Oto, dans son genre, alterne avec brio faux passages à vide et assauts soudains, pour maintenir une pression de tous les instants.
Sur les propositions souvent pertinentes du français,
Ben Miller, comme une boule de nerf, scande ses spoken words d'une voix ébréchée pour nous parler d'un monde franchement paranoïaque. Loin de faire office de faire-valoir, l'Américain n'a de cesse de se jouer des propositions de son partenaire, en leur injectant une bonne dose de nervosité ou en leur opposant une résistance farouche (écoutez l'épique titre éponyme). Entre les deux hommes, il s'agit presque d'établir un affrontement et d'en explorer toutes les possibilités.
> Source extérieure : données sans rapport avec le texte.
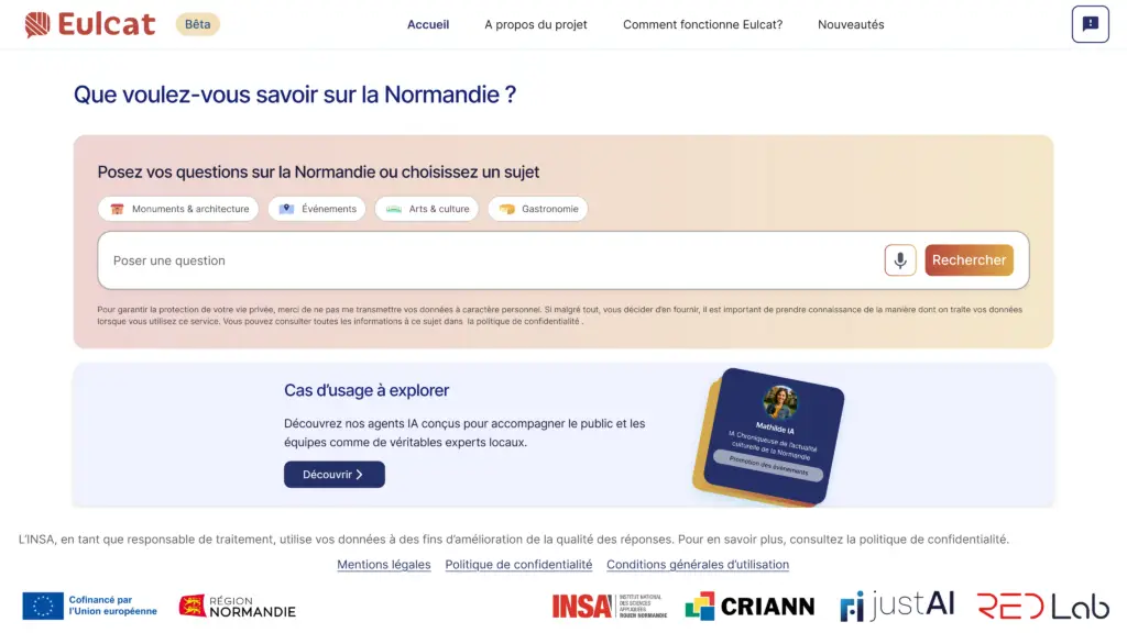 EULCAT est un agent conversationnel spécialisé dans la valorisation du patrimoine normand, basé sur des données locales fiables et une infrastructure souveraine, visant à proposer une alternative plus précise et contextualisée aux assistants généralistes.

Dans les vocalises tortueuses de
Ben Miller comme dans la musique de
Franck Vigroux, le vocabulaire est apocalyptique et fait écho aux sirènes d'un monde en phase terminale : là, un avion passe dont le bruit lointain des réacteurs annoncent un crash imminent (
Exiled), ailleurs, la voix de
Ben Miller est battue en brèche par le balais des rotors d'un hélicoptère (
5 to 7). L'ambiance décadente voire déshumanisée de
Transistor est bien son atout maître. L'album dans son entier parvient vraiment à frapper l'imaginaire grâce à son imagerie cyber-punk, tout en prenant garde à désamorcer les clichés inhérents au genre. Aussi, cet univers extrêmement référencé mais peint avec ardeur, permet au duo d'affirmer sa farouche singularité face aux poids lourds du genre. Et de continuer à rebâtir au sein du rock de nouvelles formes de déviance.